> _Data block_:
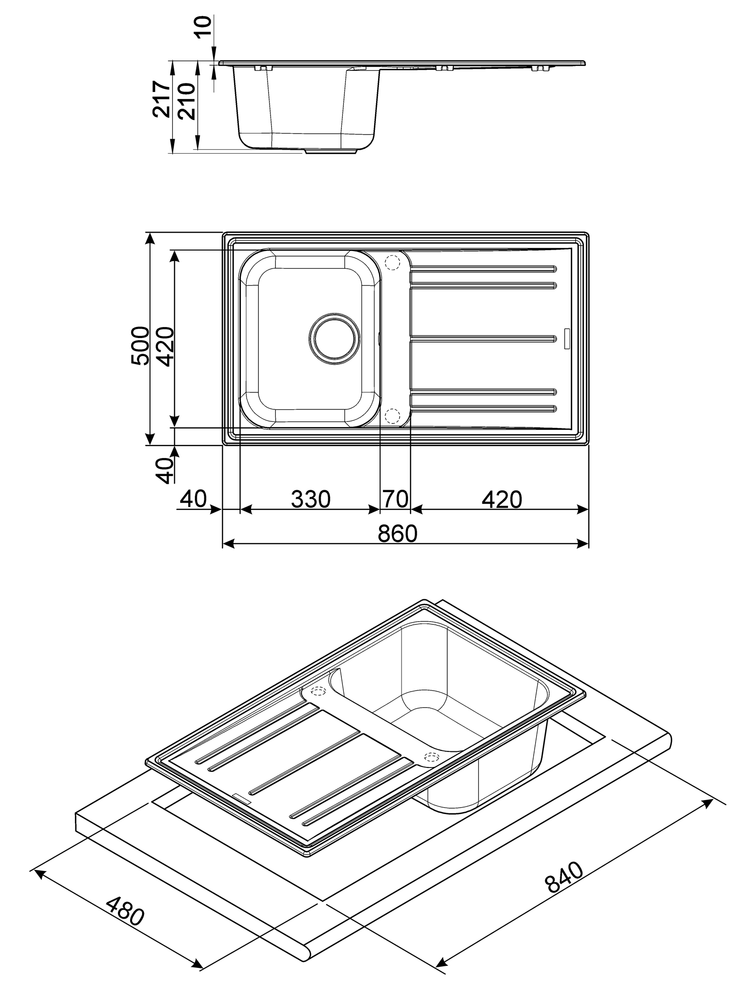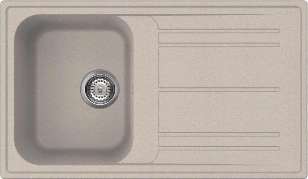 Материал мойки — качественный искусственный гранит. Он легче, чем натуральный камень, имеет абсолютно равномерную окраску, устойчив к царапинам и потертостям. Поскольку поверхность композита не имеет пор, ваша мойка не будет окрашиваться соком овощей, на ней не задержатся частицы пищи, а значит, и неприятного запаха удастся избежать. Еще одно достоинство моек из искусственного гранита — способность гасить шум. Вода будет течь тихо, а брызги не преодолеют высоту 21 см, и ваша столешница останется сухой. В комплект входит все необходимое для установки: сифон, зажимы, корзинчатый вентиль и уплотнительная лента.
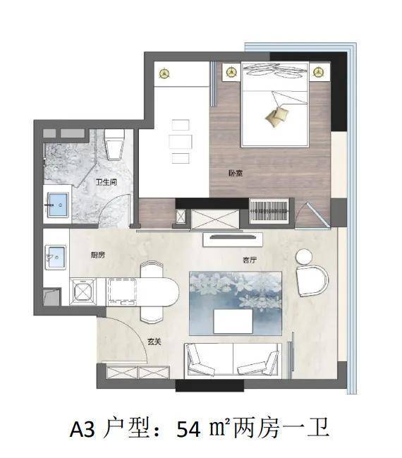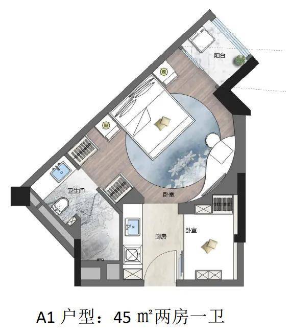推出面积:42㎡、45㎡的一房及45㎡、54㎡、60㎡的两房。
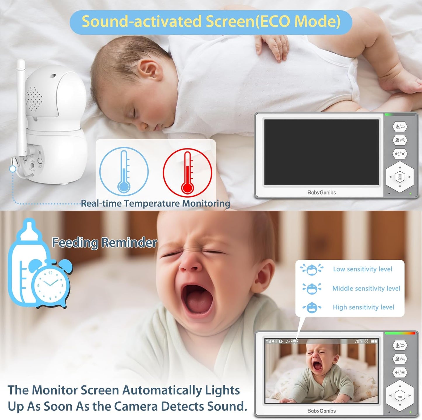 【Professional Product and Customer Service】Baby Ganibs baby monitor allows money to be spent on the cutting edge, not wasting your money! Whether you are using it yourself, or giving it to friends or new mom through baby registry search or baby shower, you will equally enjoy after-sales service. If you encounter any problems with the product during use, tell me at any time, We provide you with timely after-sales solutions!

> _Task details_:
In the copy, include no pictures; restate the listing above exactly.

> _Response_:
 Материал мойки — качественный искусственный гранит. Он легче, чем натуральный камень, имеет абсолютно равномерную окраску, устойчив к царапинам и потертостям. Поскольку поверхность композита не имеет пор, ваша мойка не будет окрашиваться соком овощей, на ней не задержатся частицы пищи, а значит, и неприятного запаха удастся избежать. Еще одно достоинство моек из искусственного гранита — способность гасить шум. Вода будет течь тихо, а брызги не преодолеют высоту 21 см, и ваша столешница останется сухой. В комплект входит все необходимое для установки: сифон, зажимы, корзинчатый вентиль и уплотнительная лента.
推出面积:42㎡、45㎡的一房及45㎡、54㎡、60㎡的两房。
 【Professional Product and Customer Service】Baby Ganibs baby monitor allows money to be spent on the cutting edge, not wasting your money! Whether you are using it yourself, or giving it to friends or new mom through baby registry search or baby shower, you will equally enjoy after-sales service. If you encounter any problems with the product during use, tell me at any time, We provide you with timely after-sales solutions!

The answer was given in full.